Commenting on the UK slipping down the ranks of the renewable energy country attractiveness index for the second time in a row, to sixth place, Ernst and Young’s head of environmental finance says:

“Policy tinkering and conflicting signals once again become too much for investors and developers to handle.”

In other words, this Government’s policies are anti-jobs and anti-business, as well as anti-safe as far as the climate for our children and grandchildren is concerned.

The “global race” we hear so much about is getting more competitive. By early 2013, 138 countries had renewable energy targets. This Government are blocking such targets. Some 20 countries had renewable heating and cooling targets, too; we do not.
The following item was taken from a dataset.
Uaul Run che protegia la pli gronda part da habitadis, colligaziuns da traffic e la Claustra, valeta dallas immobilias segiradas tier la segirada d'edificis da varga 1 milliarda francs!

Compared with other countries’ industrial strategies and coherent policy and incentive frameworks for home-grown renewables, the UK is looking pretty poor.

So what sort of policies would we be seeing if we had a pro-jobs Government who were serious about these opportunities and willing to stand up to the vested interests of the fossil-fuel industry, whose business plans are incompatible with a safe climate? We would see the confirming and strengthening of the fourth carbon budget. We would see the ditching of the irrational crusade against a binding 2030 renewable energy target. We would be giving the green investment bank powers to borrow now in order to leverage in the large proportion of private sector investment that is needed for the UK’s low-carbon economy to flourish. And we would be redirecting at least some of the billons of fossil fuel subsidies into renewable energy. We need a just transition—I particularly welcome the work that many unions have been doing on exactly how we will re-skill workers currently employed in high-carbon sectors—but it needs to happen fast. The point I want to illustrate is that the supposed conflict between tackling climate change and creating jobs is simply a political construct that suits incumbent fossil-fuel interests and very few others.
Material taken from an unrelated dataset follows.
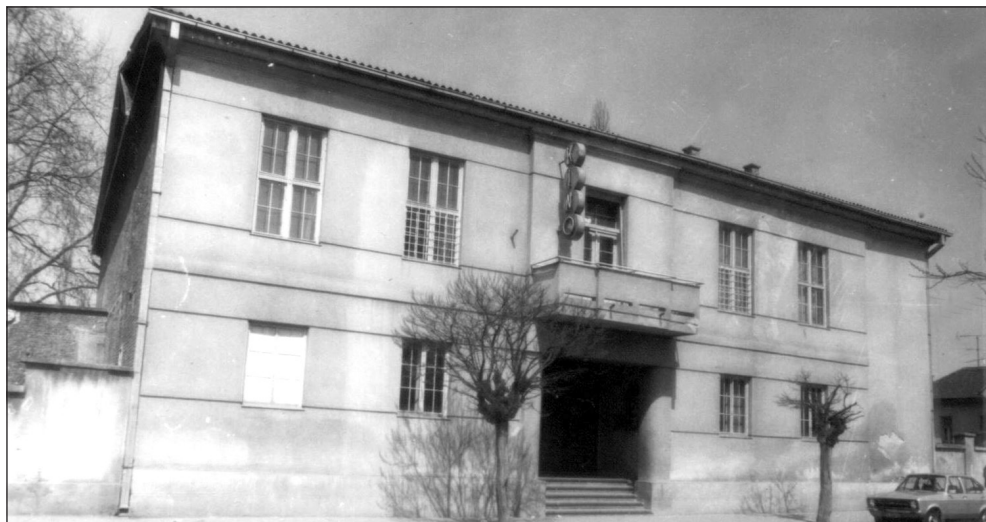
Zgrada Doma kulture, ranije Hrvatskog doma, koja je dovršena 1937., a zatvorena 1980. godine. Snimka iz sedamdeseth godina 20. st.

With thousands of people dying every winter because they cannot afford to heat their homes, energy-efficiency should be the No. 1 infrastructure priority for the UK. Hundreds of Brighton residents have written to me in support of the Energy Bill Revolution campaign, which calls for the Treasury to recycle carbon taxes into a national programme of energy-efficiency to ensure that homes need much less energy to heat, so that we have lower bills, carbon savings and, significantly, huge job-creation potential. We could add to that list NHS savings and, fundamentally, an end to people dying prematurely of the cold in winter. A report by Cambridge Econometrics last year found that a nationwide programme to super-insulate 600,000 UK homes a year would create more jobs than any alternative investment or tax break the UK could possibly put in place. So, this Gracious Speech is going in the wrong direction in terms of the economy, the environment and, crucially, jobs.